We shot that scene in late 2016 at a church in London. That was actually the easy part of the day – the church was already set up (there was a huge bright light outside to make it seem like morning) and once we got fed dinner – catering was set up nearby in street food-style tents and we would eat in a specially fitted bus – we didn’t have to hang about that much. We were mostly on set taping the scene over and over again from different angles. I was sat directly behind a man with a speaking part so I was hoping a decent shot of me would end up in the scene, but his bit was cut, along with most of what we shot.

The most annoying part was earlier in the day as I had been asked to come to London Metropolitan University early on a Saturday morning to play a student before being the churchgoer. However, they didn’t need me, they had too many student extras, so I sat around that entire time for no reason and came in the morning when I wasn’t needed til mid-afternoon. The only things I got to do were having my hair done (same style, just tidier) and having the outfit I’d brought along approved. I was extra gutted after learning I missed filming a scene with Tucci. You’ll note when you see the film that his teaching scenes add up to about 30 seconds of footage.

The biggest thing I learned about being an extra that day was how much time and money is spent for very little footage. The day I was there has probably equated to less than a minute of time in the finished product which seems so crazy and wasteful to me but I guess they don’t know what they need and don’t until the edit.

I knew there would be a lot of waiting around but I was shocked by the amount of downtime you have in comparison to onscreen time. I should have come better prepared.

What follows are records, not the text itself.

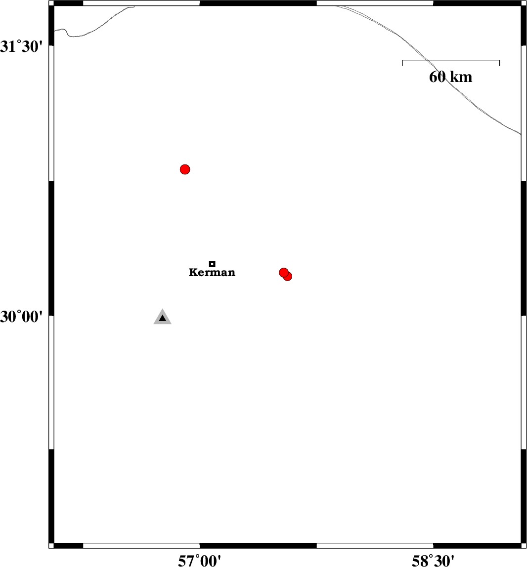 | 2016/09/18 | 11:14:26.1 | 15:44:26.1 | 30.219 | 57.563 | 16 | ML2.6 | Kerman Province, 47 km -East of Kerman | ||
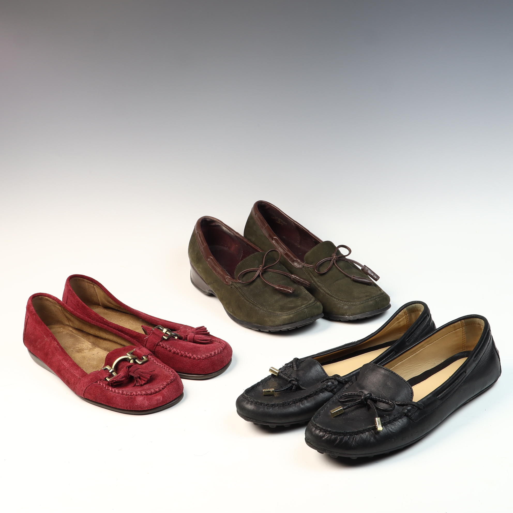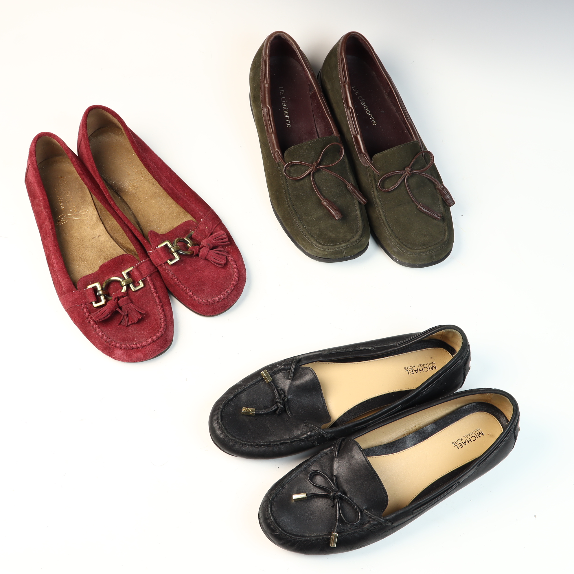 This lot consists of three pairs of women’s loafers, all in size US 9M. The first pair is Michael Michael Kors black pebbled leather driving moccasins. These shoes feature a thin leather bow detail with gold-tone MK branded aglets and a traditional rubber nubby driving outsole. The second pair is by Aerosoles, constructed with burgundy suede uppers. They feature gold-tone horsebit hardware with suede tassels, a moccasin-style stitched toe, and a low wedge synthetic outsole. The third pair is by Liz Claiborne, featuring olive green suede uppers with a leather bow-tie and tassel detail on a textured rubber outsole. All three pairs are marked with their respective brand names on the insoles and outsoles.
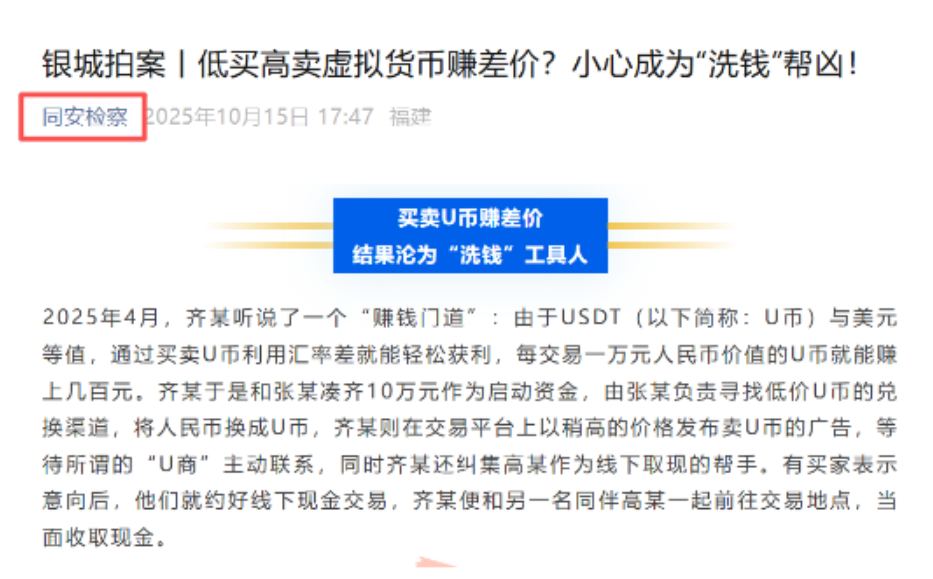 2025年4月,齐某听闻"买卖U币赚差价"的门路,明知交易资金可能涉及违法犯罪,仍与张某、高某组建团队:张某寻找低价U币渠道,齐某发布售卖广告,高某负责线下取现,每交易万元可获利数百元。他们实则充当了诈骗团伙的"线下承兑商",在被害人与骗子之间搭建资金桥梁——当被害人按骗子指引兑换U币时,齐某等人当面收取现金并将U币转入骗子控制的账户,三个月内便转移三笔诈骗赃款共计28.5万元。最终三人因掩饰、隐瞒犯罪所得罪获刑。(点击↓下图查看全文)
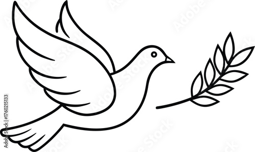 © Beauty, Obraz premium Dove with Olive Branch – Black and White Line Drawing Symbolizing Peace and Hope
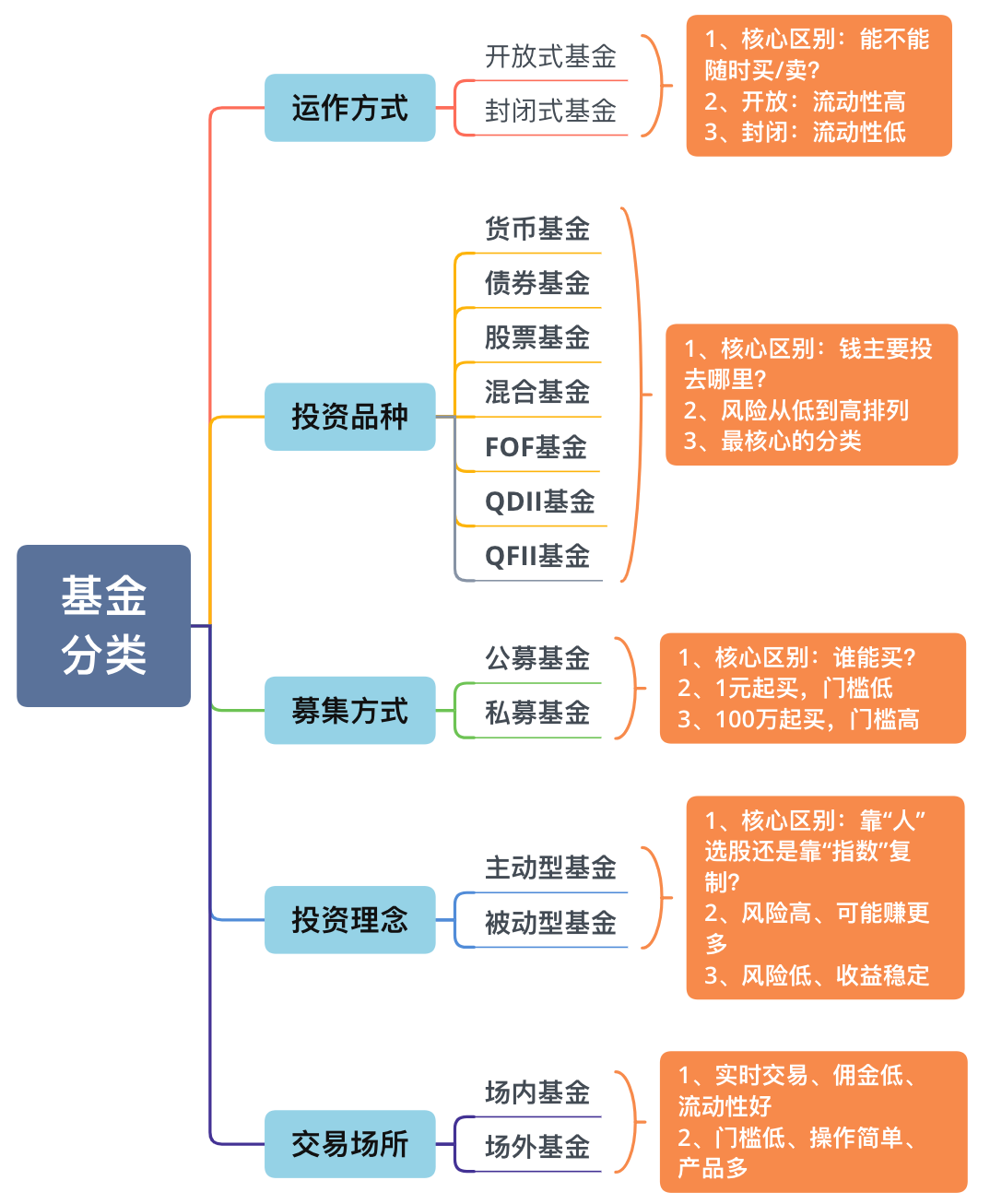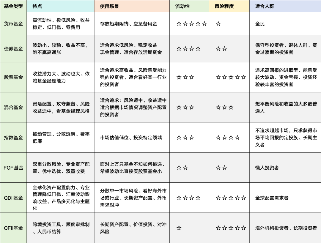 每种基金分类都有自己的特点和使用场景,在投资时要结合自身的风格、投资目的、财务状况、风险承受能力等去挑选。重点介绍下最核心的分类:投资品种,如下图所示。

It sounds so glamorous saying you’ve been part of a movie and on a film set and it was a relief and a surprise to see myself in the final edit – no matter how brief – but it is about 80% sitting around, which is not my vibe.

I haven’t done it since but that’s more to do with fitting it in around my job, but I would be down for doing some more. I would be happy to do odd days here and there but I couldn’t do it for consecutive days on end. I would go stir crazy!

p.s. I have no pictures because you’re contractually not allowed to take any.